Les modalités financières de ce partenariat demeurent confidentielles. Il comportera des engagements d’investissements de la part des deux groupes, et, sur le front des revenus, Axa et ING s’échangeront des commissions.
La signature de cet accord survient deux ans après la cessiondu solde de la participation d’ING dans NN Group.

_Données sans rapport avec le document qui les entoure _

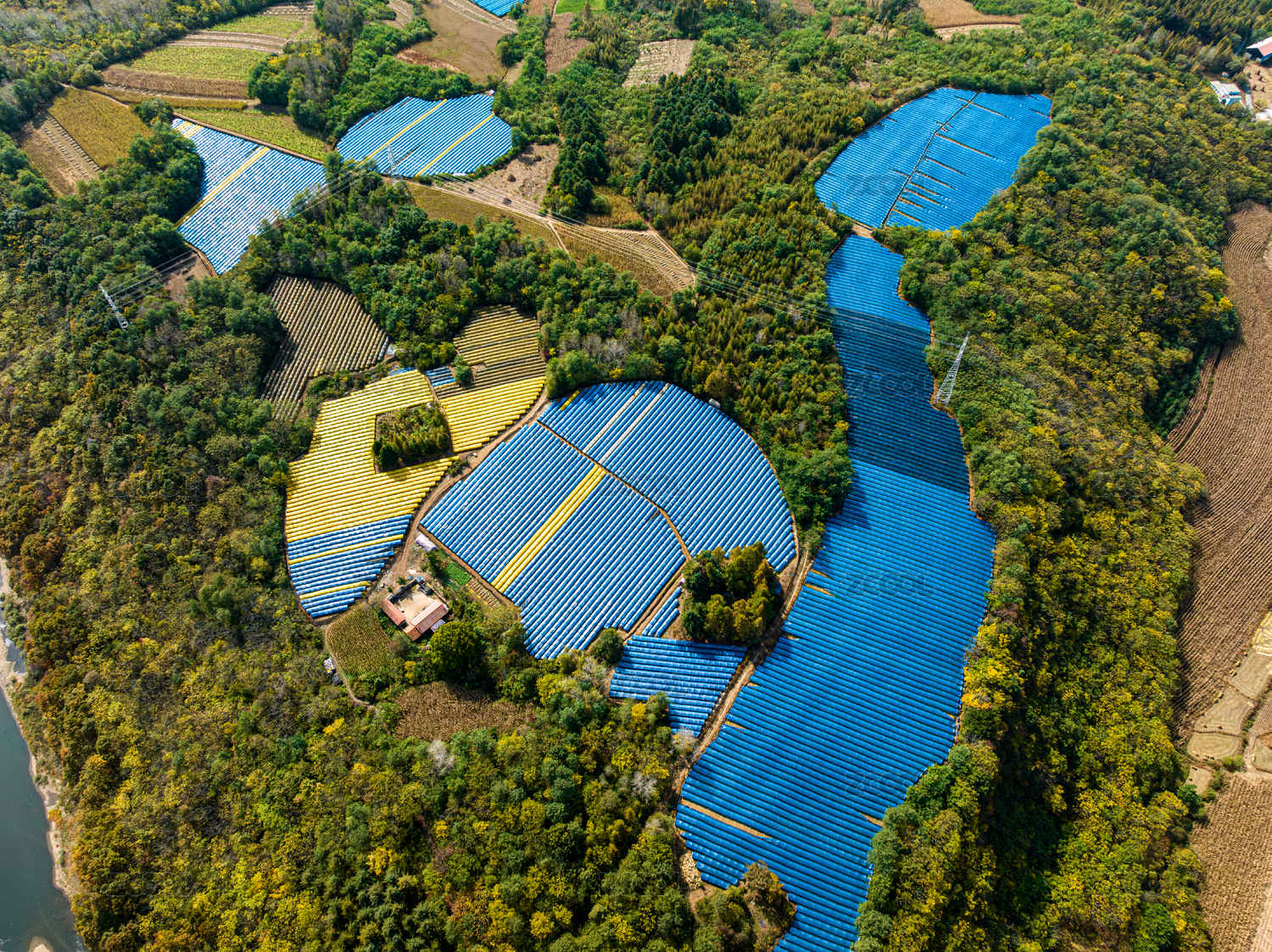 中国浙江杭州鸬鸟镇大棚种植航拍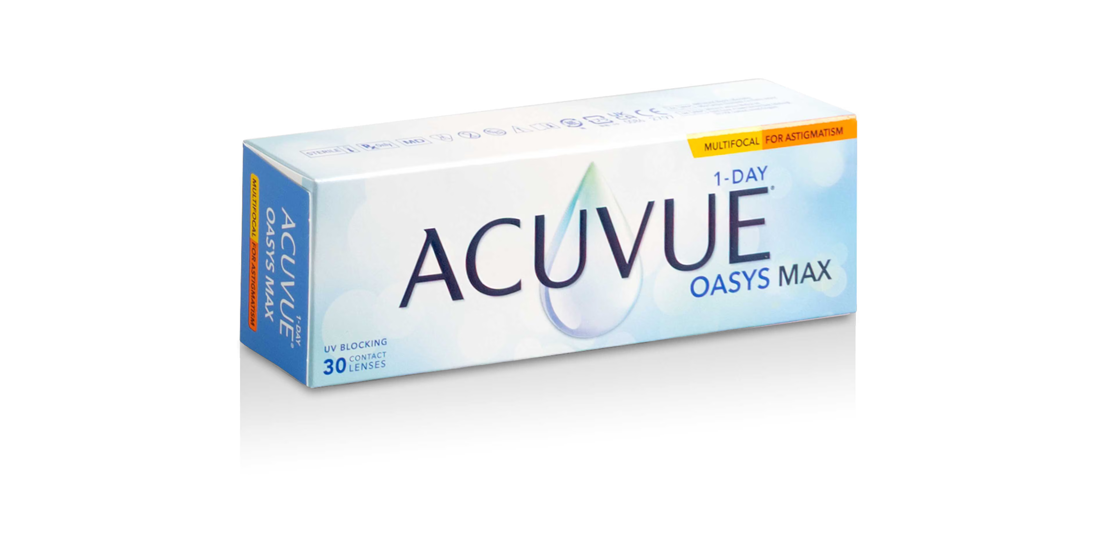 ACUVUE® OASYS MAX 1-Day Multifocal for Astigmatism delivers crisp, clear, vision at all distances and in all lighting conditions, plus all-day comfort and exceptional stability.

La banque continuait toutefois à distribuer nombre de produits de l’assureur néerlandais, un partenariat qui n’est nullement remis en cause par celui annoncé avec Axa. «Avec ING, nous alignons nos forces respectives pour bâtir une nouvelle offre d’assurance entièrement digitalisée, de la souscription au règlement des sinistres, sur une plate-forme commune à différents pays, alors que les accords traditionnels de bancassurance sont nationaux», souligne Guillaume Borie.
Alors qu’ING voit dans le partenariat avec Axa l’opportunité de «diversifier (ses) sources de revenus», Guillaume Borie l’inscrit «dans le cadre de notre stratégie ‘payer to partner’, qui vise, notamment grâce à l’innovation, à apporter des services additionnels à nos clients afin d’augmenter la fréquence de nos interactions avec eux et de leur apporter une plus grande flexibilité dans leurs choix d’assurance».
En janvier, l’assureur avait déjà donné un coup d’accélérateur à cette stratégie destinée à passer d’un rôle de payeur de sinistres à celui de «partenaire» de ses clients avec l’acquisitionde Maestro Health, une start-up américaine de gestion numérique des couvertures de santé, pour 155 millions de dollars (131,9 millions d’euros).